= Rebecca Masika Katsuva =

Congolese activist (1966–2016)

Rebecca Masika Katsuva (26 May 1966 – 2 February 2016) was an activist and a survivor of sexual assault from the Democratic Republic of Congo.

She founded the Association des Personnes Desherites Unies pour le Development (APDUD) and defended the rights of survivors including children in the South Kivu region of the DRC.

==Personal life==
During the Second Congo War in 1999, attackers killed Katsuva's husband and sexually assaulted her and her daughters, then 12 and 14. Her daughters became pregnant as a result of the assaults, and Katsuva and her daughters were forced to leave their home after being disowned by her husband's relatives. Katsuva was raped 4 times by soldiers and members of militia.

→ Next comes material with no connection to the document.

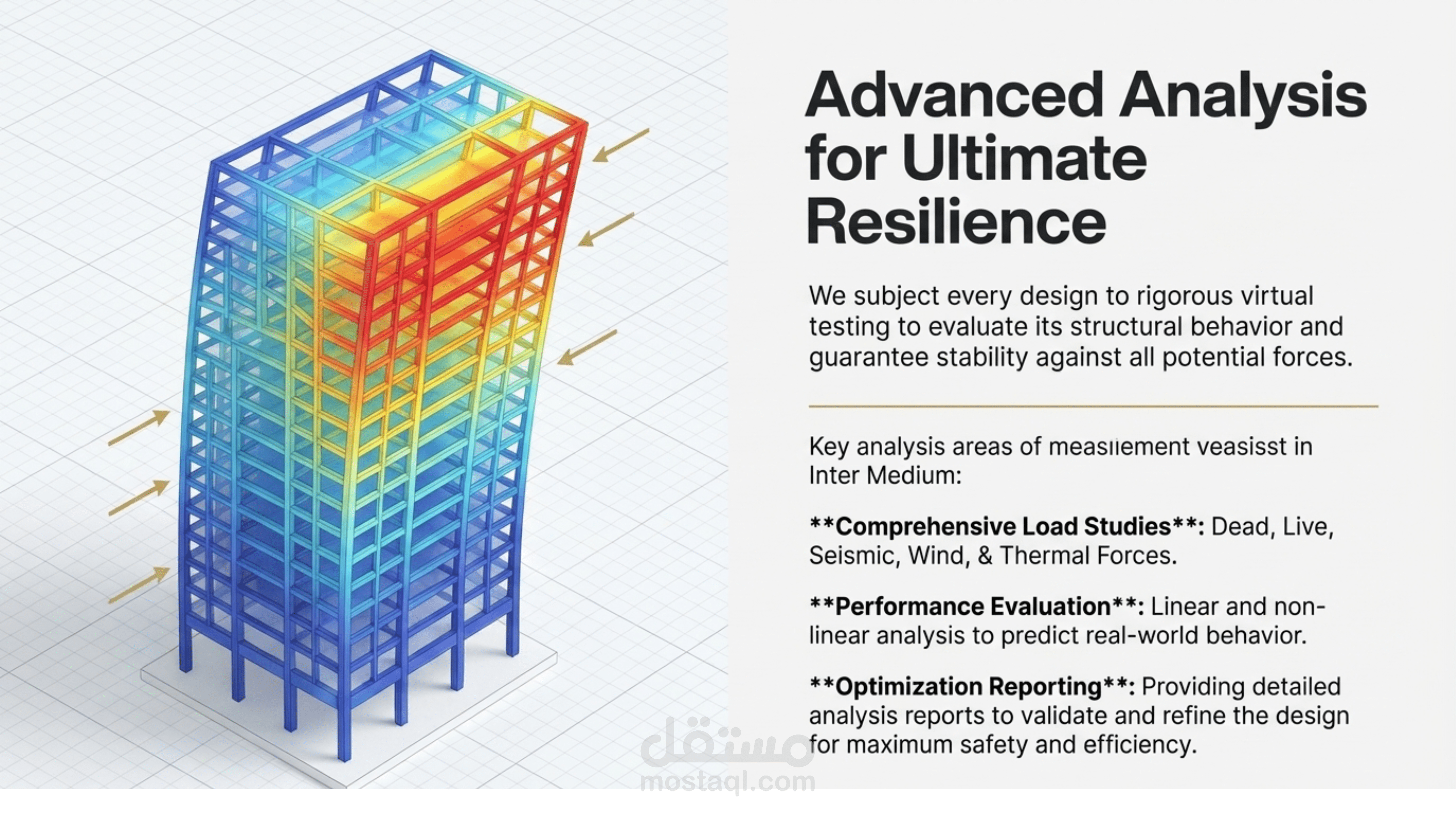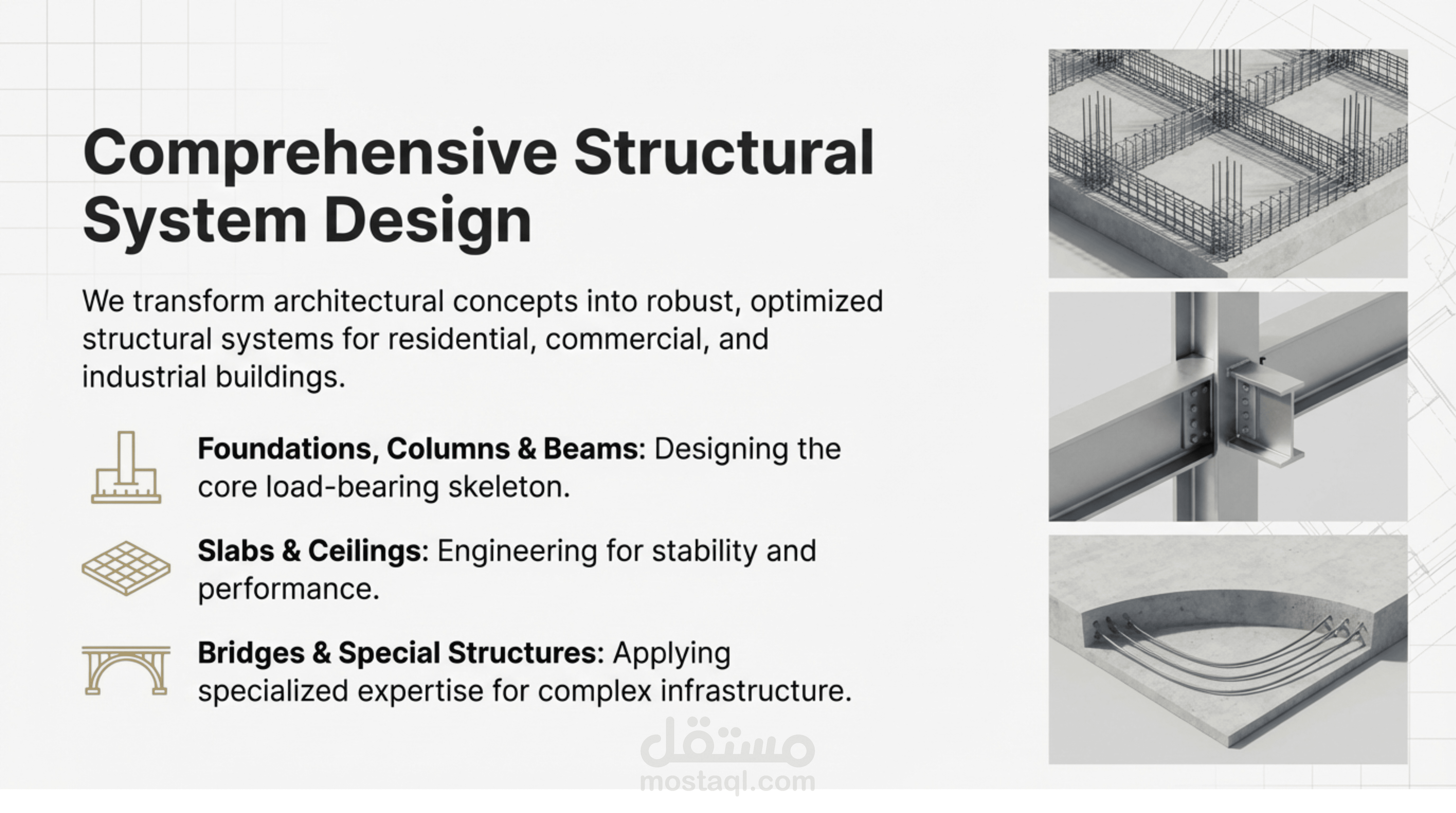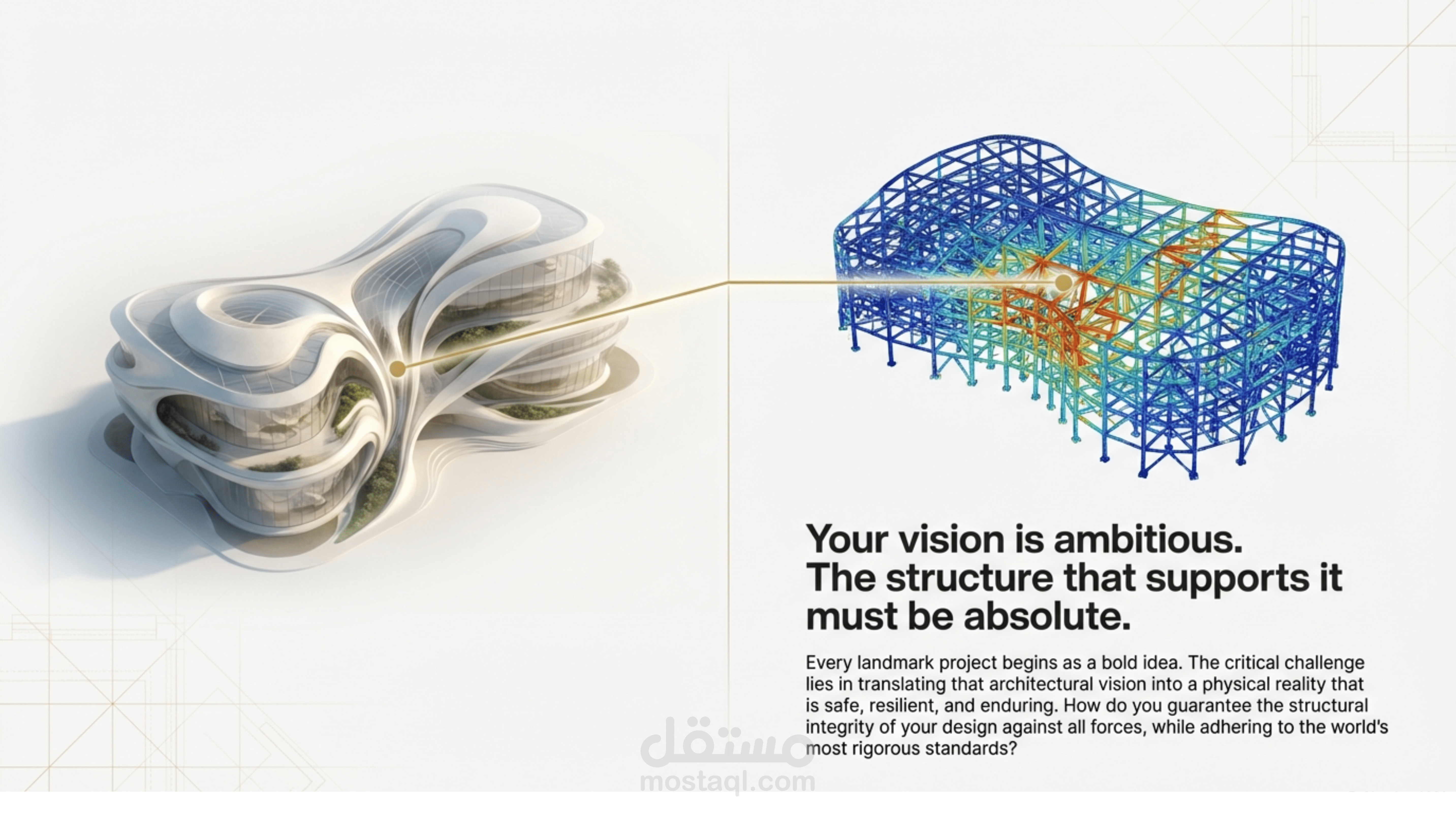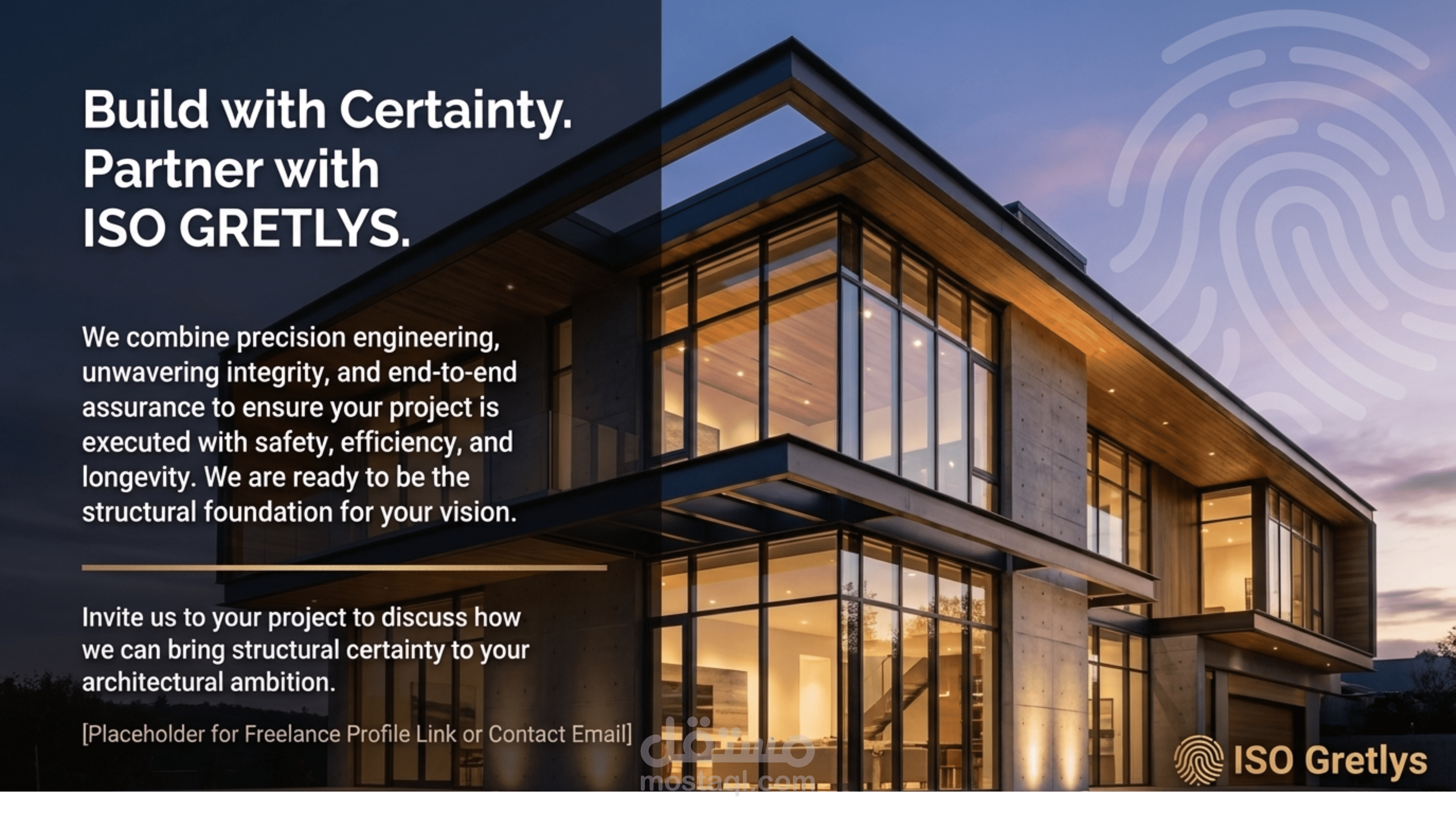 الخلاصة: يمثل المستند ملفاً لكيان هندسي يدمج بين الخبرة العميقة (أكثر من 20 عاماً) والتقنيات الحديثة (BIM & ISO Standards)، مقدماً حلاً شاملاً للمالكين يبدأ من دراسة الجدوى وصولاً إلى التشغيل وفض المنازعات، مع التزام صارم بالجودة والمعايير العالمية
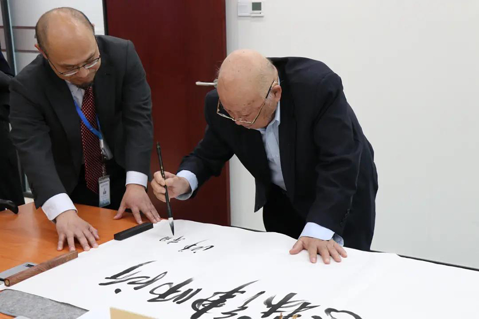 志霖律师事务所对江平校长一行的到来表达了热烈的欢迎,并对江校长敬献了鲜花。

In January 2009, former insurgents, newly integrated into the Congo military, raped Katsuva for the fourth time. The former insurgents said they attacked Katsuva because she had accused them of assaulting women. She has adopted 18 children, born of mothers who were sexually assaulted.

==Career==
In 1999, Katsuva founded a centre d'ecoute, also known as a listening house, in her home in the DRC, located in an isolated and conflict-ridden area. She renamed her center the Association des Personnes Desherites Unies pour le Development (APDUD) in 2002. The center serves as a shelter for women to recover from violent acts and provides medical help, and currently consists of almost 50 houses for women to live in. Katsuva's center is currently helping approximately 180 women. In the past decade, she has helped over 6,000 rape survivors.

==Awards==
Katsuva received the 2010 Ginetta Sagan Award for Women's and Children's Rights from Amnesty International USA, announced at the organization's annual gathering in New Orleans, 9–11 April 2010.

==Death==
Katsuva succumbed to malaria-related complications on 2 February 2016 at the age of 49.